C Bit Field Structures For Microcontroller Multitasking

So you’re getting better at programming microcontrollers and now you want to do several things at once? You know better than that, microcontrollers are only capable of processing one thing at a time. But if you’re clever with your coding you can achieve something that behaves as if several things are going on at once. The most common way to do this is to set a flag using an interrupt, then use the main loop to check for that flag. [S1axter] posted a tutorial on this topic where he uses bit field structures to help simplify time sensitive events.

We think [S1axter] did a fantastic job of explaining this moderately difficult topic clearly and quickly. In the video after the break he begins by explaining what a bit field is and how it is defined. Basically you’re using a C structure to track a flag using just one bit of storage. This way the flag is either set or not. We suggest you pay careful attention to how he declares the structures as volatile, so you don’t have unexpected behavior when you try it yourself.

[youtube=http://www.youtube.com/watch?v=Voqg4Mx2Sg8&w=470]

27 thoughts on “C Bit Field Structures For Microcontroller Multitasking

  1. Volatile, it can be useful. But with warnings: http://lwn.net/Articles/233482/

    For larger systems volatile fails to account for a lot of situations. For microcontrollers it works most of the times. Still, your compiler is allowed to re-order instructions without changing the functionality of that function. (this can be a real problem if it happens to you!)

    1. I’m very curious to know more about the warnings because the link itself didn’t provide enough background/context for me to understand what it was referring to.

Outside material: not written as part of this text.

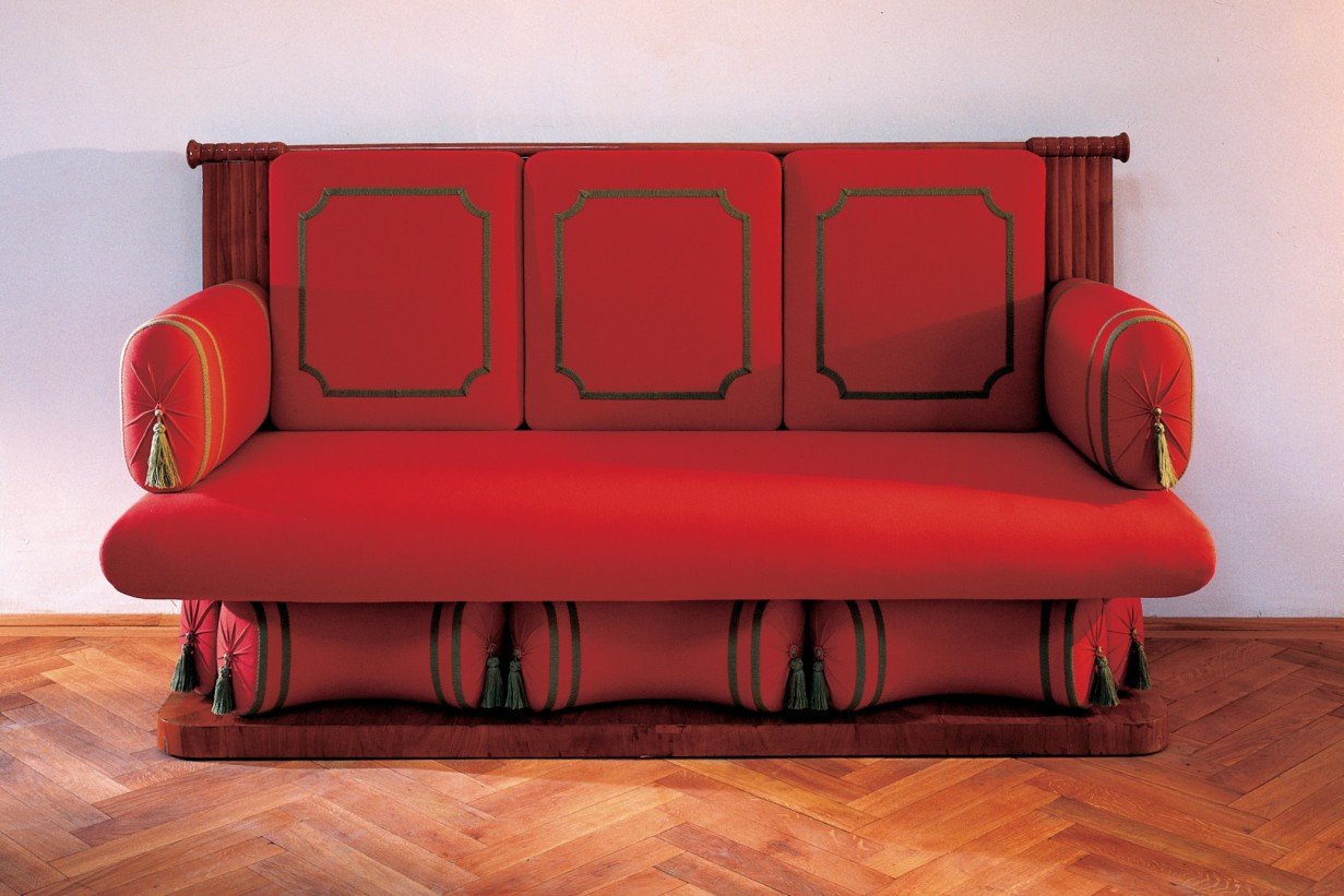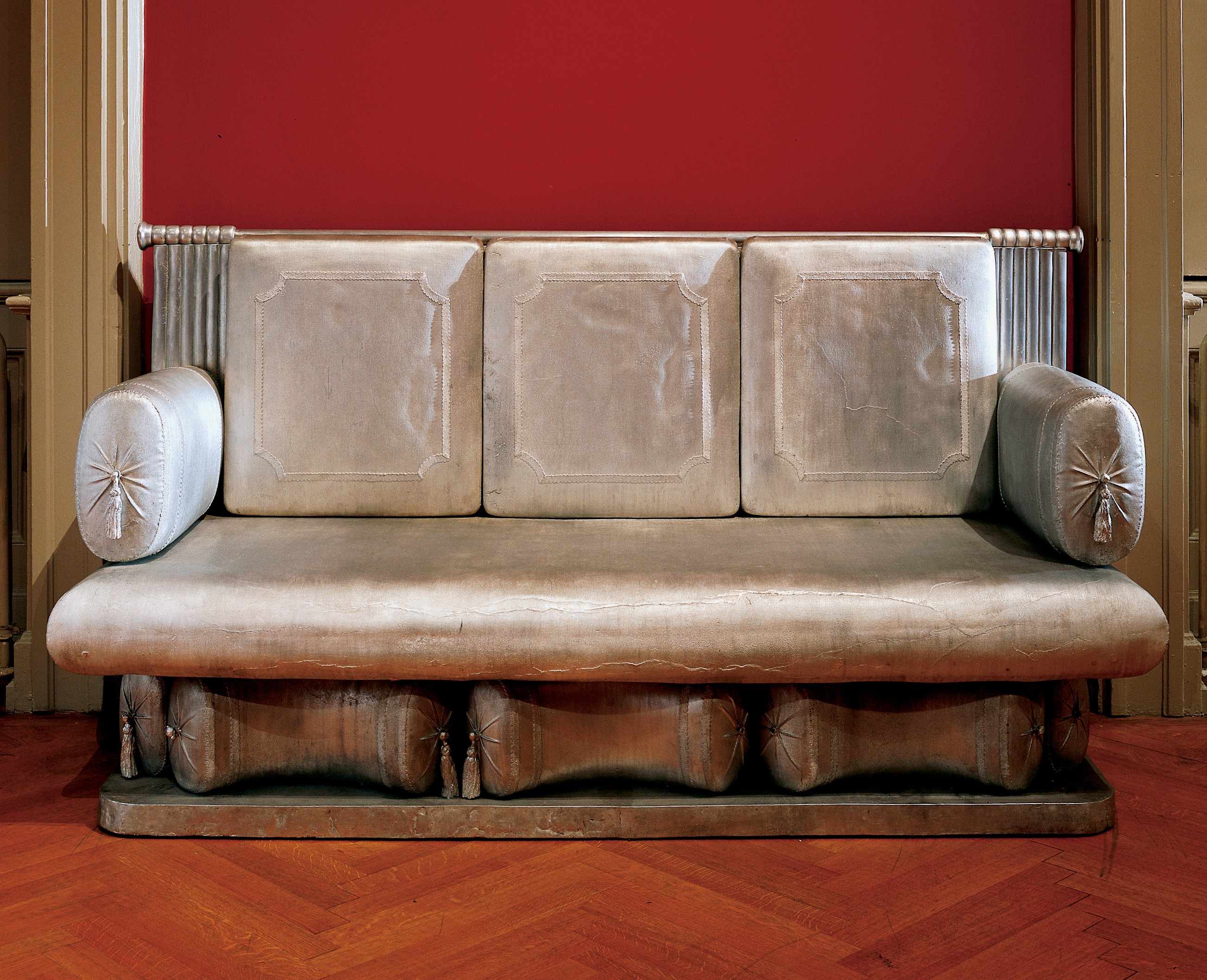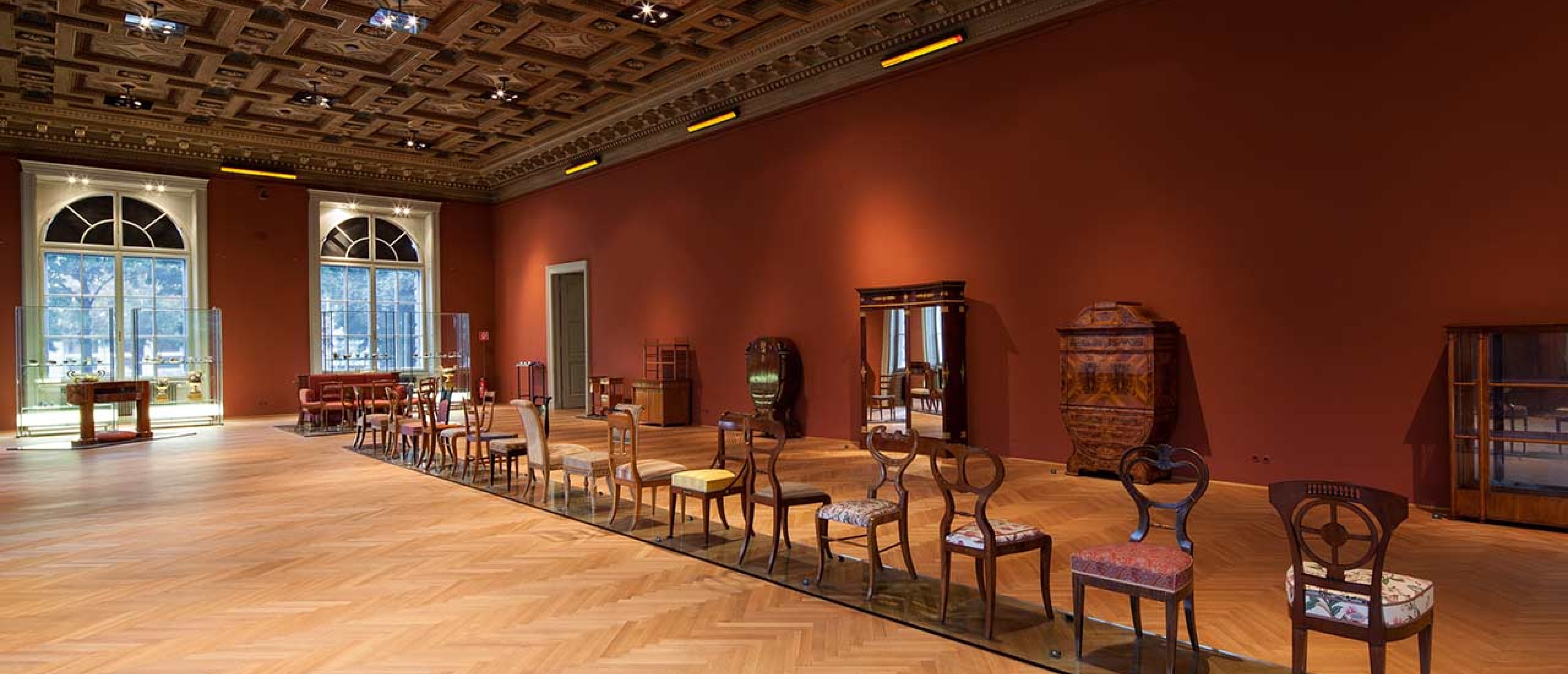 The aluminum sofa Jenny Holzer placed in the room as an artistic intervention immediately catches the eye. This bench was created based on a Biedermeier sofa displayed in the exhibition room, which cannot be used as it is a museum exhibit. In contrast, Holzer’s copy precisely cast in aluminum in every detail serves as a resting place from which museum visitors can take their time to observe the space. However, the difference between the original and the copy immediately becomes apparent:

      I use volatile a LOT with microcontrollers because I do not know of any other way to keep the compilers from optimizing out reads of a variable that is shared between main code and an interrupt.

      As an example:

      volatile uint8_t flag;

      void isr()
      {
      flag = 1;
      }

      void main()
      {
      flag = 0;
      while (!flag);
      //more code ...
      }

      With most of my compilers, the while loop would never terminate if I didn’t include the volatile keyword as the optimizer would skip re-reading the flag variable and assume its value hadn’t changed. I understand that volatile and atomic are two VERY different things and that data consistency is not guaranteed on successive reads of a volatile variable (which is kind of the point…) but I don’t understand what that has to do with the stuff Linus was upset about.

      Forgive my ignorance, I’m mostly self-taught but I am trying to improve my understanding.

      1. @Will
        http://lwn.net/Articles/233479/
        “C programmers have often taken volatile to mean that the variable could be changed outside of the current thread of execution; as a result, they are sometimes tempted to use it in kernel code when shared data structures are being used.”

        One possible reason for that could be that in interpreted languages like Java and C#, volatile is different in that it’s atomic and thread safe (and should be called something else).
        In C/C++: defaults as a bug.

        There’s also good note in the comments:
        “One other use for volatile is when communicating with interrupt/NMI handlers running on the same CPU. In this case, all the accesses are on the same CPU, so CPU reordering is irrelevant — CPUs see their own accesses in order. The only requirement is that the compiler avoid optimizations that re-order the code.”

      2. Sorry, I forgot to link the memory barriers doc. Which is quite important in this case.

        Volatile does 1 thing, it instructs the compiler to do every read/write from memory instead of keeping values in registers. However, it does not force the compiler to keep the code where you want it.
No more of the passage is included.